He has busted similar moves during his birthday celebration on Oct 17, as well as when he went to register his candidacy at the KPU a few days later.
The minister, who will be trying to become president for the third time, explained in a talk show on Nov 19 that his dancing is inspired by his grandfather, who used to do the same when he was happy.
According to him, his grandfather was from Banyumas in central Java and there was no television or any form of entertainment there, except for dancing.
"So every time there is good news or happy news, he would always dance like that," said Mr Prabowo.
Indonesian media outlets regularly produce reports containing photos and videos of the minister whenever he dances, and clips of these moments get thousands of views online.
For Mr Anies, cats have been one of his tools of choice to appeal to voters.
The long-time politician, who has been active in the scene for more than a decade, has amassed more than six million followers on his Instagram account @aniesbaswedan, while a separate account for his four cats @pawswedan has a follower count of more than 22,000.
That account describes itself as the "Baswedan cat family" and has stories, posts, as well as highlights of Mr Anies's four cats: Aslan, Lego, Snowball and Oboy.
The cats themselves have grabbed their own headlines, such as after posts on the account showed Aslan giving a "cat massage" to Mr Anies, and when a book series was published in July about Lego, which has only three legs.
Two videos of Aslan giving Mr Anies massages have garnered a combined viewership of more than 10 million.
A running gag on @pawswedan is how the four cats are competing to become "pawsiden", a play on the Bahasa spelling of the word "president".

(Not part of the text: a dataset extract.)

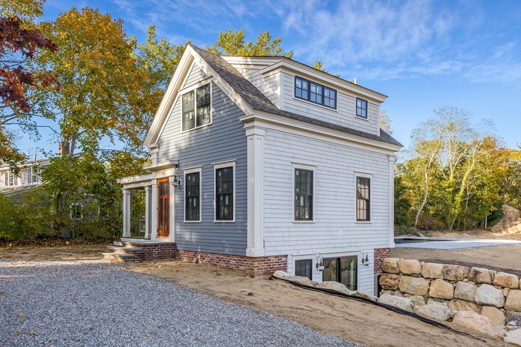 Blending resort-style amenities with timeless New England character, this exceptional Harwich compound redefines multi-generational coastal living. A fully restored antique guest house pairs seamlessly with a brand-new, custom-built three-bedroom main residence by Whitcomb Building, one of Cape Cod’s premier craftsmen. Together they create a campus-style retreat distinguished by nautical detailing and masterful woodwork. The main home features a farmer’s porch with skylights and hanging bench, a chef’s kitchen with island and sliders to the porch and yard, a first-floor primary suite, and two spacious upstairs bedrooms plus lounge. The antique offers vaulted ceilings, exposed beams, and a finished walk-out lower level with private patio. A handcrafted stone wall connects both homes and integrates the pool, bluestone terrace, and fire-pit area. Set in a central Harwich location near beaches, shops, and dining, this property unites craftsmanship, resort luxury, and Cape Cod charm.

The team managing the account also makes topical jokes and references in the posts, uploading photos of the cats calling for Palestine to be freed and parodying new superhero film The Marvels.
Mr Ganjar is not known for dancing or posting pictures of his pets on social media, but he has still generated buzz among netizens over the choice of Mr Mahfud as the second name on his ticket.
The question of who will be Mr Ganjar's running mate was the subject of intense speculation online for many months after the former governor was named as the Indonesian Democratic Party of Struggle's presidential candidate in April.
The addition of Mr Mahfud to the campaign was announced only on Oct 18, a day before they went to register at KPU.
The Internet wasted no time in responding to this pairing, and memes started circulating soon after the announcement.
One popular meme is a play on the fast food chain Bakmi GM, referring to the first letter of the pair's names.
Netizens have also started making allusions to the food delivery service GoFood in tweets and posts about the pair, a play on the term GoFud or GaFud that is derived from their names as well.
"Instead of GoFood, it's better to choose GaFud, Ganjar Mahfud," said user @sunimkato on social media platform X.
Mr Dedi Dinarto, lead Indonesia analyst at public policy advisory firm Global Counsel, told The Straits Times that candidates like Mr Prabowo and Mr Anies have decided to utilise easy-to-remember symbols, like dance and pets, so that they are readily shareable on social media platforms.
It remains uncertain, however, whether this approach effectively influences voters, Mr Dedi said, adding that elections in Indonesia are a complicated matter that are not just influenced by policy choices or campaign manifestos.
"Indonesian electoral choices are influenced by various factors such as geographical representation, religious/racial identity, personal networks, and money politics. The behaviour of electorates in Indonesia are much more complex."